I further noted that “the lively debate may have been driven by the sudden change in public policy, yanking without compelling reasons several projects at advanced stages of preparation to an ODA or tax funded mode after these have been prepared for a PPP bid over many years. This has raised concerns over the consistency and stability of government policies from many capable local and global players who have invested substantial resources to bid for these.

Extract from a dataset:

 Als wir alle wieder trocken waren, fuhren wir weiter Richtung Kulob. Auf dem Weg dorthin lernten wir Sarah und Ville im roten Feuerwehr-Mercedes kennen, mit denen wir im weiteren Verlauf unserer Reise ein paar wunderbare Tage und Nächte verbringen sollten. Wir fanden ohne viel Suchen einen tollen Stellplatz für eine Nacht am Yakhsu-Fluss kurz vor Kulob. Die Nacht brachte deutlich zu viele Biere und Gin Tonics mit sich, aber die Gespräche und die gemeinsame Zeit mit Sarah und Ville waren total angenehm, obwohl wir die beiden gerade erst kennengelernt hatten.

Included in these are five regional airports and Kaliwa Dam.”
Had the administration pursued these projects, these would likely have already been completed and serving the public. Especially the much-delayed bulk water project.
But that is water under the bridge, pardon the pun, and we need to move on. And as a policy advocate, like Stratbase guys, I believe that we should “never let a good crisis go to waste.” What is possible to do in the remaining time?

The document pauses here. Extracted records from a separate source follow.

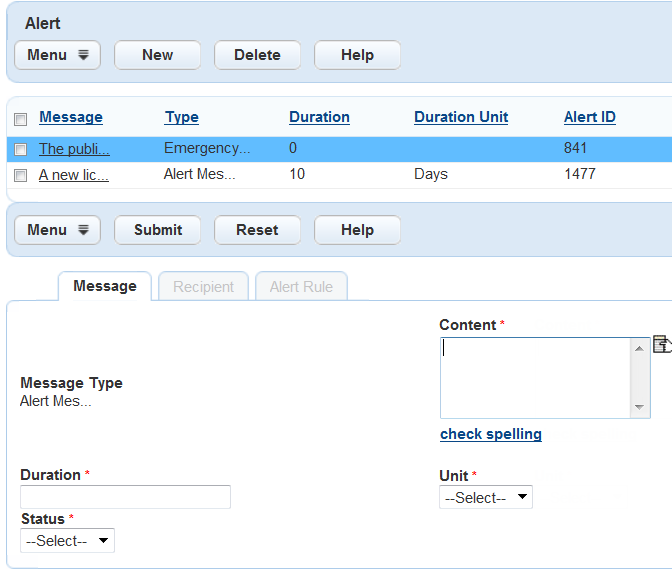 Privileged users can create alerts to notify groups at your agency of all kinds of events. After you create an alert it displays in the Alerts portlet, where you can edit, delete, and manage its recipients.
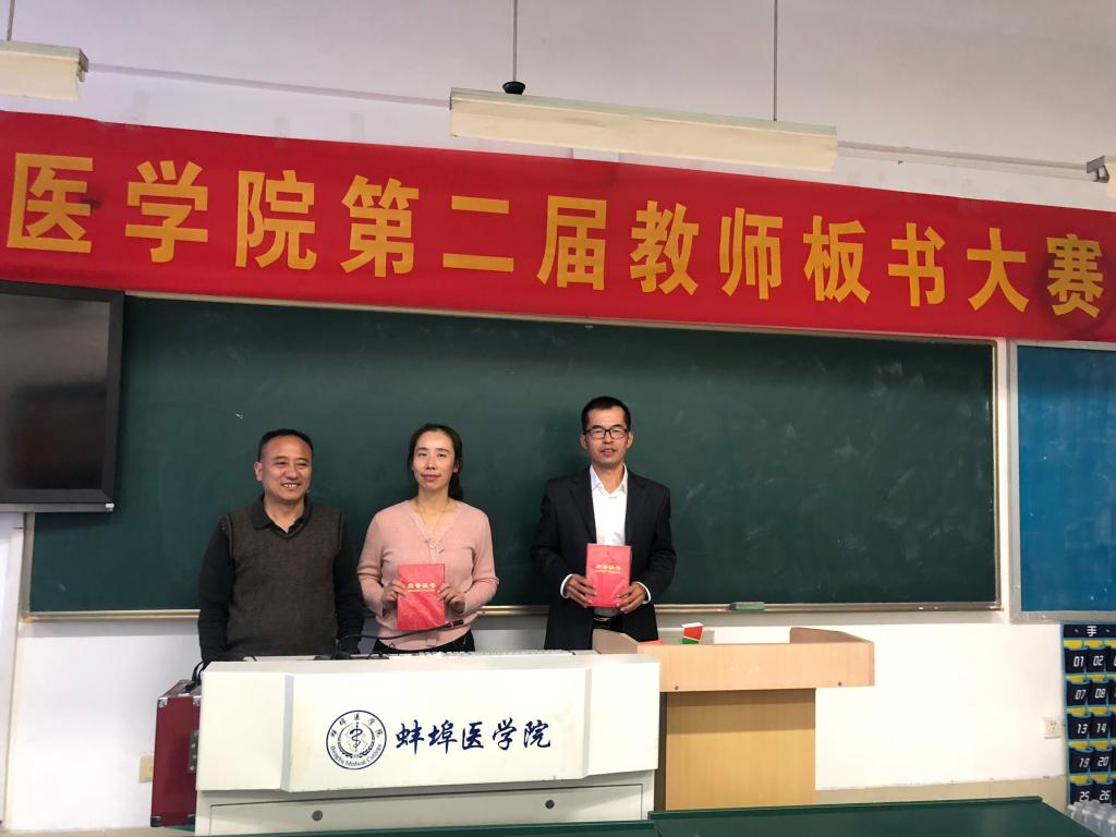 我校卓越教师发展中心专家委员会成员及第一届教师板书大赛获奖选手等担任评委。经评委现场打分,最终基础医学院工会刘冬播和公共基础学院工会吴娜以相同的比分获一等奖,药学院公共卫生学院工会王皓天、杨晶获二等奖,检验医学院工会彭怡然,临床医学院马克思主义学院工会李林、吴雪龙,医学影像学院卫生管理学院工会倪娜和体育艺术部工会连俊杰获三等奖。评委为选手颁奖,校卓越教师发展中心专家委员会成员王震寰、许华山做了精彩点评。
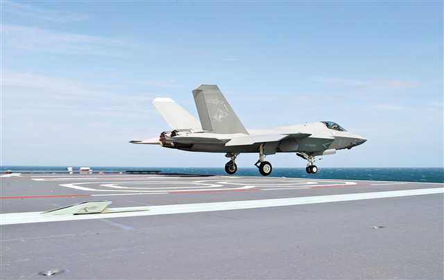 日前,海军福建舰开展入列后首次海上实兵训练。这是歼-35舰载机弹射起飞。
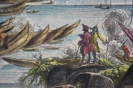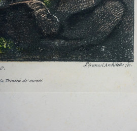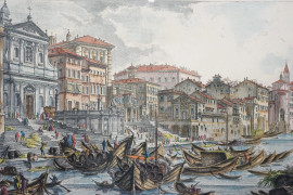 Veduta del Porto di Ripetta, stampa acquerellata, cm 65x85, XX secolo, entro cornice.
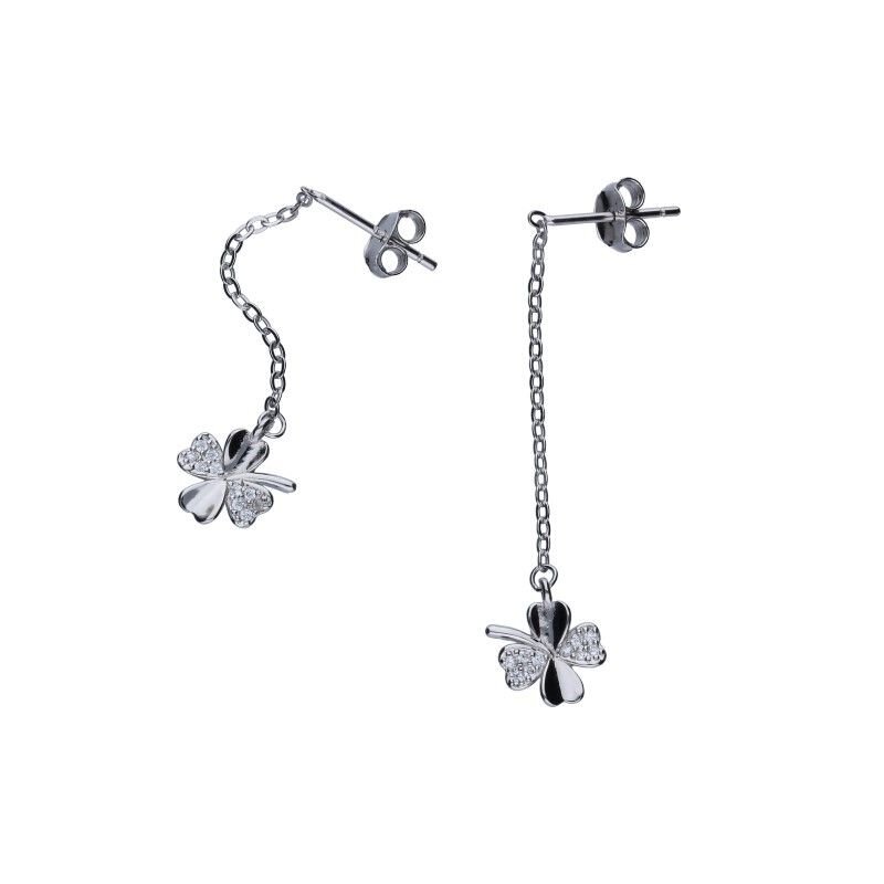 KOLCZYKI NA SZTYFCIE WISZĄCE, SREBRO PRÓBY 925 RODOWANE, BIAŁE CYRKONIE, DŁUGOŚĆ KOLCZYKÓW 40mm, BIAŁE CYRKONIE, CZTEROLISTNA KONICZYNKA O WYMIARACH 8mm X 8mm.
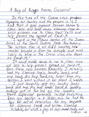 A Bag of Rags Please, Governor In this time of the Coronavirus pandemic sweeping our country and the prisons in it, I find that it goes against common sense to clean less and take away...
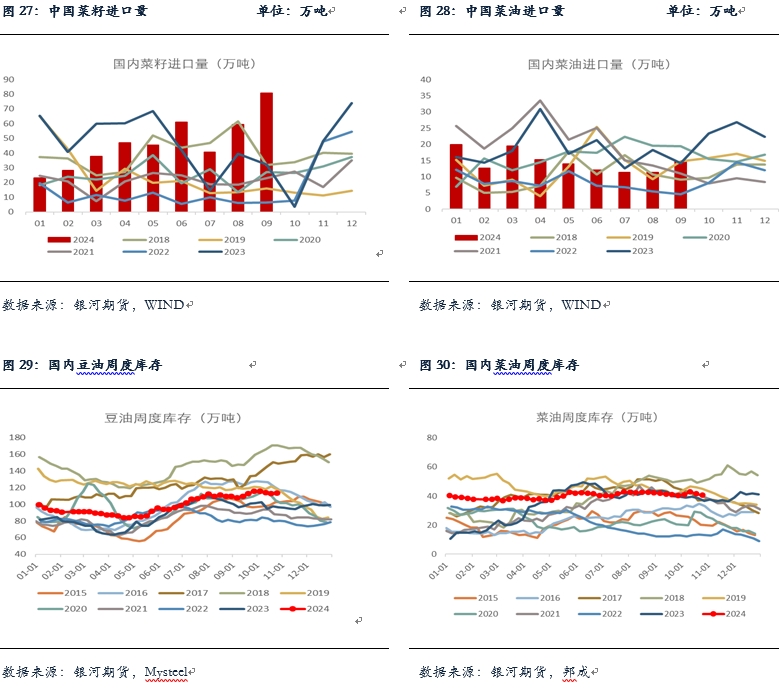 菜籽(5208, 89.00, 1.74%)壓榨方面,9月菜籽進口達到81萬噸的高位,環(huán)比增加36%。今年1-9月菜油累計壓榨產(chǎn)量達到160萬噸,處于歷史同期偏高,但仍低于去年同期。進口及買船方面,9月菜油進口14.6萬噸,略高于8月,1-9月累計進口131萬噸,亦低于去年同期。近期受中國對加菜籽進行反傾銷審查,國內(nèi)遠月菜籽洗船較多,但近月菜籽預(yù)計到港在40-50萬噸,菜油供應(yīng)仍然充足。截至2024年10月25日,菜油庫存40.55萬噸,環(huán)比前一周減少1萬噸,減幅2.4%,去庫速度較慢,處于歷史同期較為偏高水平。菜油基差維持低位震蕩,廣西三菜基差報至01-130。從基本面上看,國內(nèi)菜油供應(yīng)充足,需求一般,基本面較為偏弱,但由于反傾銷事件的存在使得不確定性增加,對于菜油盤面形成一定的支撐,菜油短期上有壓力下有支撐的格局延續(xù),維持高位寬幅震蕩。

This is what I wrote in a column last week as one among key reforms that can be done for the third phase of PROGRESO, the recovery “bounce back” phase.
“More reliance on PPP, including bringing to the finish line projects that have been under protracted negotiations. This can help rebuild damaged investor confidence. It will also help conserve now stretched fiscal resources. Government also needs to assure stability in regulation for existing PPP and enact the long pending PPP bill in Congress.”
This will also build on the working public-private partnership now taking place in coping with this crisis, most notably in the 3 T program — testing, tracing and treatment — and in helping the most vulnerable members of society cope. Something no less than the President acknowledged warmly, including with unexpected kind apologies.
Senator Grace Poe, Congressman Edgar Sarmiento, and FEF President Toti Chikiamco identified good candidates for future PPP reform and collaboration:
1) In the area of mass public transportation: PUV service contracting, and public infrastructure to support the same.
2) Open up the economy to more competition in PPP by amending the outdated Public Services Act and passing the long delayed PPP bill.
3) Bid out public health projects in various regions for services based on outcomes.
Let me also add:
4) Water projects are one of the most cost-effective public health interventions governments in developing countries can do. Peso for peso, I bet it can save more lives from prevention of deaths of common water borne diseases — dysentery, gastroenteritis, schistosomiasis, cholera, etc., vs other public health interventions, eg. the high economic cost of lockdowns to prevent mortality from COVID-19.
Incidentally, handwashing, the most potent tool vs COVID-19 together with wearing face masks, is only possible if there is water.
In this connection, I end with a wish that the limbo state of affairs in which the MWSS Water Concessions are trapped with the setting aside of the international arbitral award due to idiosyncratic regulation of an earlier administration, is sorted out soonest. This will send a clear signal, especially at this time, that the Philippines is open for investments. And that the concessionaires can continue to provide us with affordable, secure water service as they have been doing for over two decades. Something that could not be delivered by MWSS pre-PPP.
You will forgive my bias since I was involved in it as Undersecretary of the Department of Finance with oversight for Privatization in 1996. MWSS privatization, in my view, remains the best infra PPP case in terms of service delivery and mobilization of financial capital (debt and equity). Concessionaires achieved these outcomes due to their performance anchored on a credible concession contract which is now being reviewed.
Romeo L. Bernardo was finance undersecretary during the Cory Aquino and Fidel Ramos administrations.